Instructions to follow => For this exercise, write out only the lines of the entries below from the one with "Just got this" up to and including the one with "おつまみに豚ハム、なんとなく", exactly as they are. Pictures stay out.

Record set =>
=== Begin Enclosure ===
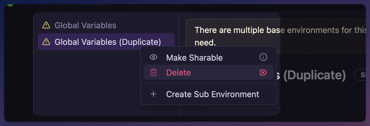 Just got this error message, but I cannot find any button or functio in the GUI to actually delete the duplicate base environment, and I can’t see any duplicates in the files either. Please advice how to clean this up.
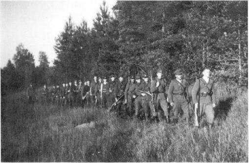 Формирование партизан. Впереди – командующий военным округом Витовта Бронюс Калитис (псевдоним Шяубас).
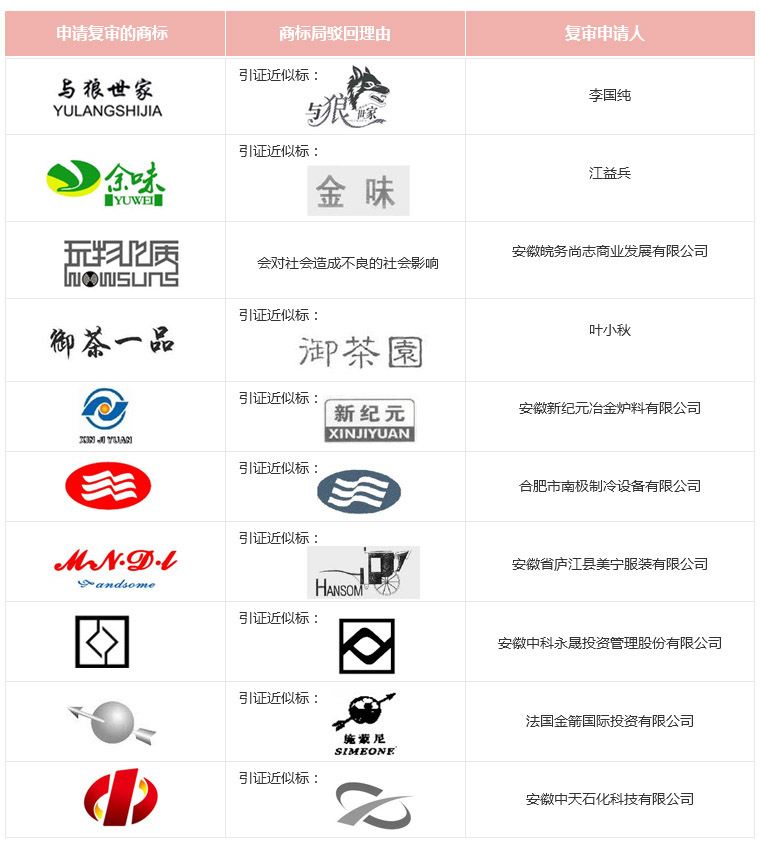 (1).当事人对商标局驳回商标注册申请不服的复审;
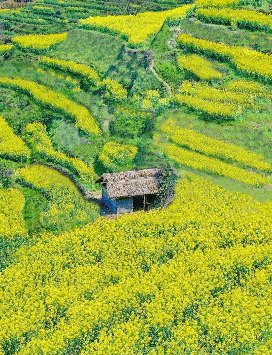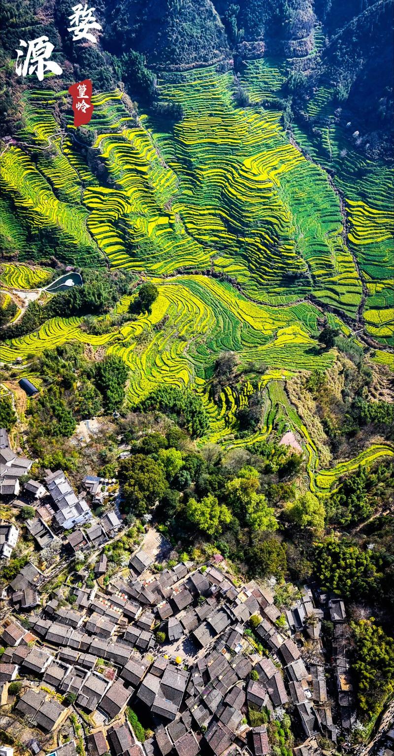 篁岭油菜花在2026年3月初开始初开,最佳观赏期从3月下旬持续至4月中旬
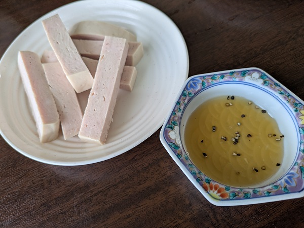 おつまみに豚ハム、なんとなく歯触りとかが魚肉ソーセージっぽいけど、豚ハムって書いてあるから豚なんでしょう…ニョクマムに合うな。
=== End Enclosure ===
=== Begin Enclosure ===
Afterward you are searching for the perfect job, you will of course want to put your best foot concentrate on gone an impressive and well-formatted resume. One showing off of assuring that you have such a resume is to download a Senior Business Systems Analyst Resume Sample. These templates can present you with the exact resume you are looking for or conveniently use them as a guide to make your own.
=== End Enclosure ===
Reply =>
 Just got this error message, but I cannot find any button or functio in the GUI to actually delete the duplicate base environment, and I can’t see any duplicates in the files either. Please advice how to clean this up.
 Формирование партизан. Впереди – командующий военным округом Витовта Бронюс Калитис (псевдоним Шяубас).
 (1).当事人对商标局驳回商标注册申请不服的复审;
 篁岭油菜花在2026年3月初开始初开,最佳观赏期从3月下旬持续至4月中旬
 おつまみに豚ハム、なんとなく歯触りとかが魚肉ソーセージっぽいけど、豚ハムって書いてあるから豚なんでしょう…ニョクマムに合うな。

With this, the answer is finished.